Seward Airport is a state-owned, public-use airport located 2 nmi northeast of the central business district of Seward, a city in Kenai Peninsula Borough of the U.S. state of Alaska. This airport is included in the FAA's National Plan of Integrated Airport Systems for 2011–2015, which categorized it as a general aviation facility.

==History==
The airport was built during World War II. It was named Walseth Air Force Base in honor of Major Marvin E. Walseth, a United States Army Air Forces pilot who died when his aircraft crashed on Umnak in July 1942 while returning from a reconnaissance mission over Kiska. It was closed by the United States Air Force in April 1947. It was excessed to the War Assets Administration and taken over by the Territory of Alaska.

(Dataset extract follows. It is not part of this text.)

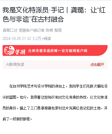 在台州学院艺术与设计学院的讲台上,我向学生们无数次描绘设计的蓝图。如今,我带着这些知识和对文化传承的热忱,以文化特派员的身份,踏上了三门县亭旁镇包家村这片充满红色记忆的土地,开启了一段新的旅程。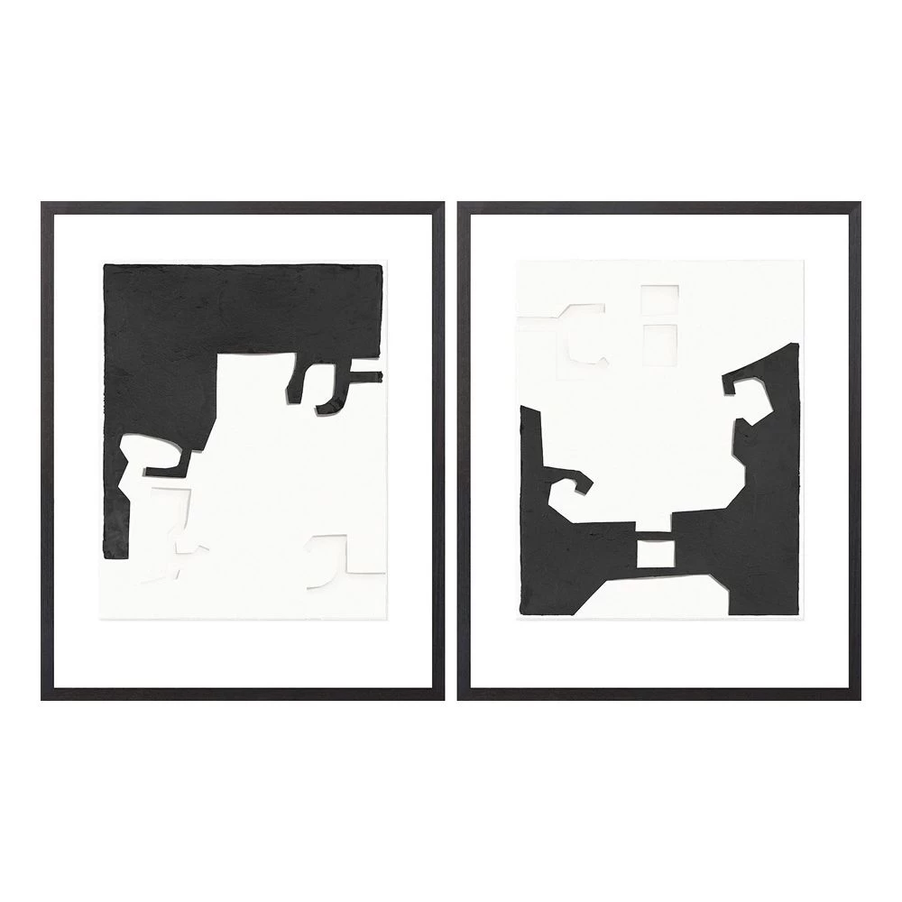 Graphic black and white paper cut outs in a deep frame space with a deep, rough, black profile.

The airport previously had scheduled passenger service to Anchorage (ANC) provided by several commuter air carriers over the years but does not have airline flights at the present time.

== Facilities and aircraft ==
Seward Airport covers an area of 302 acre at an elevation of 22 ft above mean sea level. It has two asphalt paved runways: 13/31 is 4,240 by 100 ft and 16/34 is 2,279 by 75 ft.

For the 12-month period ending December 31, 2009, the airport had 10,510 aircraft operations, an average of 28 per day: 57% general aviation, 43% air taxi, and <1% military. At that time there were 25 single-engine aircraft based at this airport.